- What is being asked:
Pictures in the data should be dropped; transcribe exactly the lines from the one that has "Add a touch" through the one that has "Delicias.- Rápidamente un".

- Dataset:
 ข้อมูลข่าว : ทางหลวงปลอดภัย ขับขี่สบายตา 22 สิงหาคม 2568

--

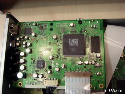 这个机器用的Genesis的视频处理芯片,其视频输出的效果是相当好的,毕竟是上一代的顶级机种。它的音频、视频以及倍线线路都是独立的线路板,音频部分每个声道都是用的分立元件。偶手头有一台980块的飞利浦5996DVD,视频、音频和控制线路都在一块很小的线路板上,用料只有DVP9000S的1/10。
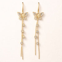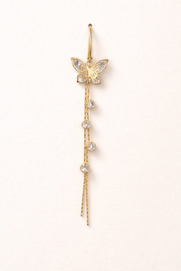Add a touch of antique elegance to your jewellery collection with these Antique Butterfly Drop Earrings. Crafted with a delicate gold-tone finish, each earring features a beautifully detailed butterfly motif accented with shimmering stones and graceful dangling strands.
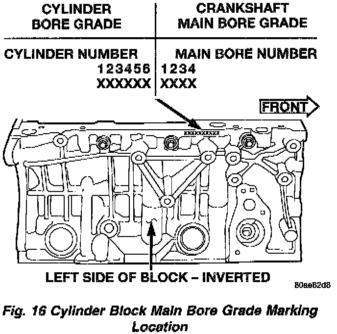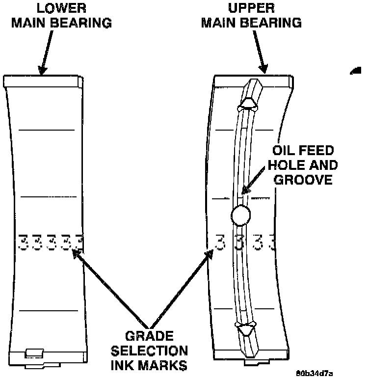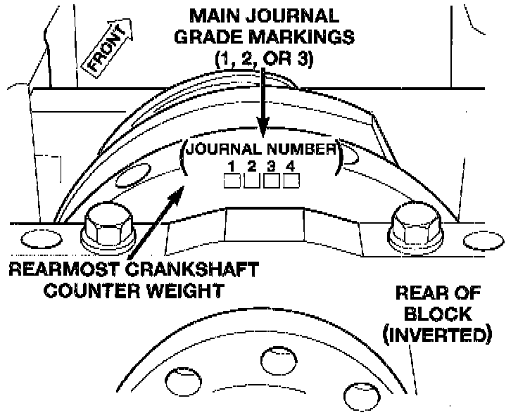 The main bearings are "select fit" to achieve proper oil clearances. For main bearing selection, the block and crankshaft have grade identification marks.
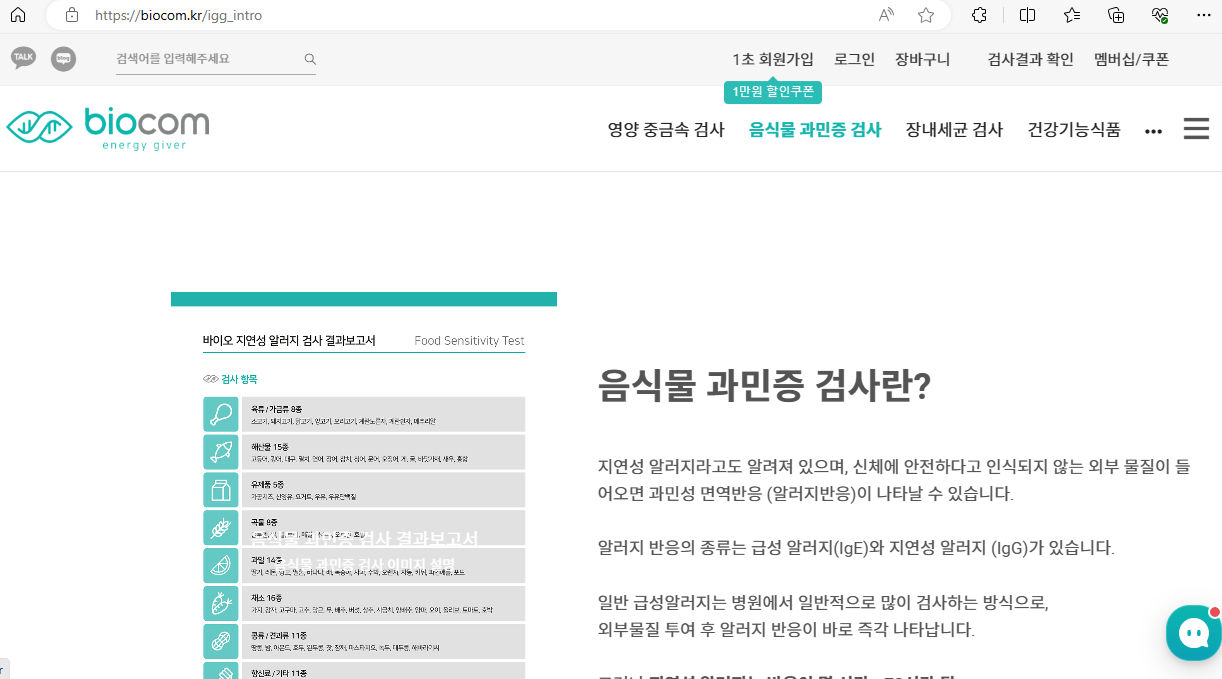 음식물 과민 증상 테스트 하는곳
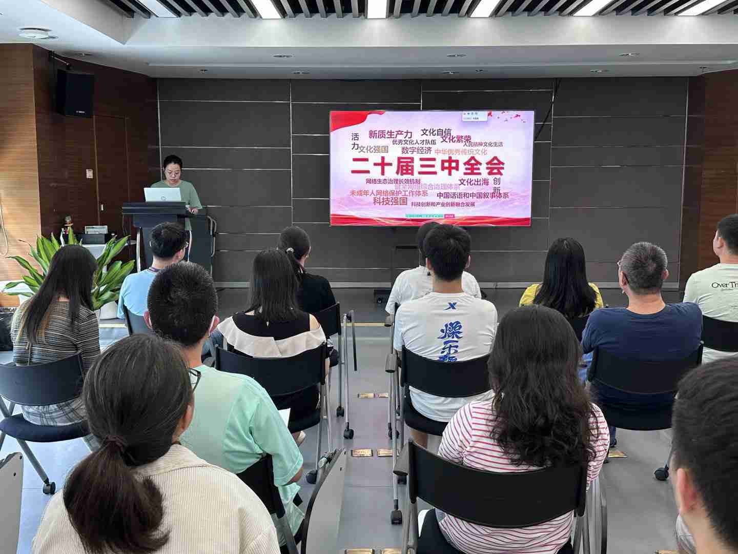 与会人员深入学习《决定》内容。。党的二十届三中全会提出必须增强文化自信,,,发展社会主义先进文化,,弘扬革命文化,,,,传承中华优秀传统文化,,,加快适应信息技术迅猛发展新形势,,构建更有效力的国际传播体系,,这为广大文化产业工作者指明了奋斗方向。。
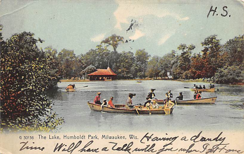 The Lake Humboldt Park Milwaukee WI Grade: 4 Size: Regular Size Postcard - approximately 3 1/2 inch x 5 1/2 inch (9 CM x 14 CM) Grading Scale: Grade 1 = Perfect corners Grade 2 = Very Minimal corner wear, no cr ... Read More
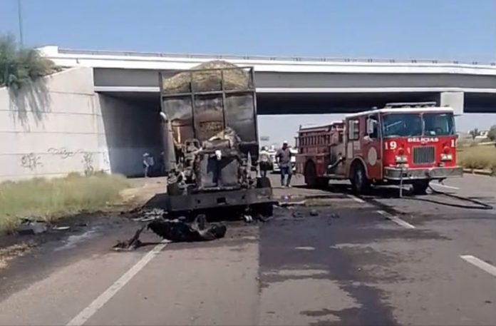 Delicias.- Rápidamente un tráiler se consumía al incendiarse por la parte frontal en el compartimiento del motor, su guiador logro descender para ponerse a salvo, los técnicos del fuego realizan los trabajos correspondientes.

- Answer space:
Add a touch of antique elegance to your jewellery collection with these Antique Butterfly Drop Earrings. Crafted with a delicate gold-tone finish, each earring features a beautifully detailed butterfly motif accented with shimmering stones and graceful dangling strands.
 The main bearings are "select fit" to achieve proper oil clearances. For main bearing selection, the block and crankshaft have grade identification marks.
 음식물 과민 증상 테스트 하는곳
 与会人员深入学习《决定》内容。。党的二十届三中全会提出必须增强文化自信,,,发展社会主义先进文化,,弘扬革命文化,,,,传承中华优秀传统文化,,,加快适应信息技术迅猛发展新形势,,构建更有效力的国际传播体系,,这为广大文化产业工作者指明了奋斗方向。。
 The Lake Humboldt Park Milwaukee WI Grade: 4 Size: Regular Size Postcard - approximately 3 1/2 inch x 5 1/2 inch (9 CM x 14 CM) Grading Scale: Grade 1 = Perfect corners Grade 2 = Very Minimal corner wear, no cr ... Read More
 Delicias.- Rápidamente un tráiler se consumía al incendiarse por la parte frontal en el compartimiento del motor, su guiador logro descender para ponerse a salvo, los técnicos del fuego realizan los trabajos correspondientes.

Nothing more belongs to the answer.